Commencement and Term

Agreement Start Date: If the parties have entered into a formal agreement (e.g., a signed commercial form), the contract will take effect from the date specified as the "Start Date" or "Commencement Date" in that agreement.

The agreement remains valid for the initial period specified (referred to as the "Initial Term") and will automatically renew for consecutive periods of the same duration (referred to as "Renewal Terms") unless:

  • Either party provides advance written notice (as specified in the notice period) to terminate at the end of the current term.
  • Termination occurs due to breach or as otherwise outlined under these terms.

Continued Use Beyond Termination: If the agreement is terminated, but the client continues accessing the Company platform or services to purchase digital assets, this will automatically initiate a new agreement under the same terms, except:

  • The effective start date will be the first date of continued use.
  • Fees may reflect current rates as specified by the Company.

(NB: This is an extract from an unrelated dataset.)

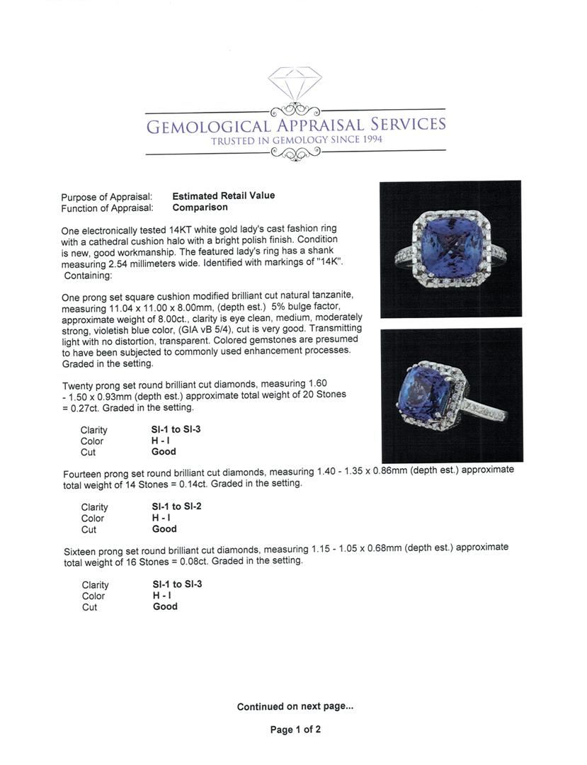 One electronically tested 14KT white gold lady's cast fashion ring with a cathedral cushion halo with a bright polish finish. The featured lady's ring has a shank measuring 2.54 millimeters wide. Identified with markings of '14K'. Condition is new, good workmanship. Containing: One prong set square cushion modified brilliant cut natural tanzanite, measuring 11.04 x 11.00 x 8.00mm, (depth est.) 5%. bulge factor, approximate weight of 8.00ct., clarity is eye clean, medium, moderately strong, violetish blue color, (GIA vB 5/4), cut is very good. Transmitting light with no distortion, transparent. Colored gemstones are presumed to have been subjected to commonly used enhancement processes. Graded in the setting. Twenty prong set round brilliant cut diamonds, measuring 1.60 - 1.50 x 0.93mm (depth est.) approximate total weight of 20 Stones = 0.27ct. Graded in the setting. Clarity SI-1 to SI-3. Color: H - I Cut Good Fourteen prong set round brilliant cut diamonds, measuring 1.40 - 1.35 x 0.86mm (depth est.) approximate total weight of 14 Stones = 0.14ct. Graded in the setting. Clarity SI-1 to SI-2. Color: H - I Cut Good Sixteen prong set round brilliant cut diamonds, measuring 1.15 - 1.05 x 0.68mm (depth est.) approximate total weight of 16 Stones = 0.08ct. Graded in the setting. Clarity SI-1 to SI-3. Color: H - I Cut Good. Total Weight of Colored Stones 8.00ct.. Total Weight of Diamonds 0.49ct.. Total Weight of Ring 8.60gm. GAS Appraised at $13,060.00.

Without Formal Agreement: In the absence of a signed commercial form, the agreement begins once these terms are accepted (e.g., during account registration) and continues until terminated by either party with a minimum of 60 business days' notice.

Fees and Payment Terms

Payment of Fees: The client agrees to pay all applicable charges as outlined in the relevant documentation, including invoices, within 30 calendar days of the invoice date. Fees are typically invoiced in advance unless otherwise specified and are non-cancellable and non-refundable.

Annual Adjustments: The Company reserves the right to adjust fees annually, in line with increases in the Consumer Price Index or equivalent benchmarks in the relevant jurisdiction.

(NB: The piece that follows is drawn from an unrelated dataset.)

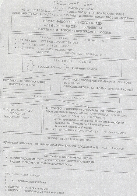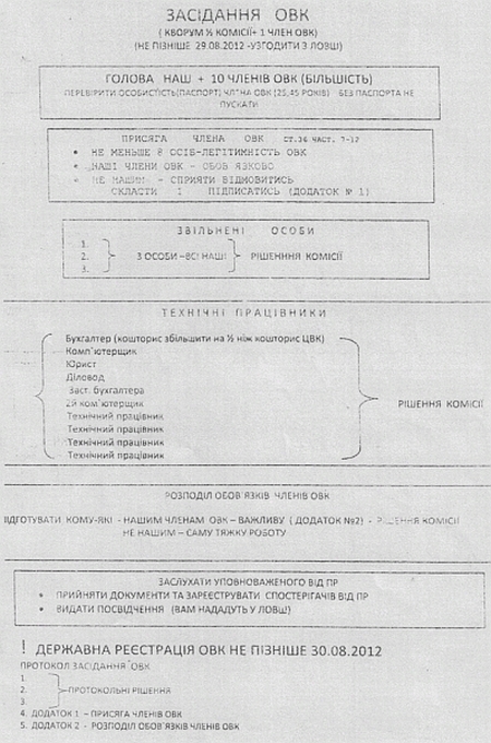 "Штаб рекомендует во время проведения заседаний "не нашим" членам ОИК способствовать отказаться от принятия присяги. Есть серьезные предложения о назначении технических работников - персонально по фамилиям. Штаб Партии регионов рекомендует давать предложения всех "наших". Если председатель ОИК не является представителем правящей партии, то те люди, которые предлагаются на технических работников, должны быть "зарезаны" во время процесса голосования", - уточнила политик.

Consequences of Late Payments:

  • Interest charges at the rate of 5% per month or the maximum permitted by law, calculated daily.
  • Suspension of access to Company services until outstanding balances are cleared.
  • Deduction of unpaid amounts from the client's account balance (referred to as "Buyer Float").

Currency and Taxation: All payments will be made in the currency specified in the commercial agreement and are exclusive of any applicable taxes such as VAT or sales tax, which will be added to the invoice.

Client Responsibilities for Charges: Any transaction-related costs, such as credit card fees or fraud processing checks, are the client’s responsibility.

Platform Usage

Grant of Access: The Company provides the client and its authorized users with a non-exclusive, non-transferable, and revocable license to access and use the platform solely for purchasing and distributing digital assets. Usage rights are conditional upon compliance with these terms, including the timely payment of all applicable fees.

Client Responsibilities: The client is responsible for maintaining the confidentiality of login credentials and ensuring only authorized personnel access the platform. The Company will not be liable for any losses resulting from unauthorized access due to a failure to safeguard access credentials.

Security Measures: The client must immediately report any security incidents, unauthorized access, or breaches involving the platform.

Restrictions: The client must ensure the platform is not used for fraudulent, unauthorized, or illegal purposes. Unauthorized modification, distribution, or reverse engineering of the platform is strictly prohibited.

API Usage

API Access and Integration: The Company provides access to its API for integration with the client’s systems. This license is non-transferable, non-sublicensable, and solely for facilitating digital asset transactions and distributions.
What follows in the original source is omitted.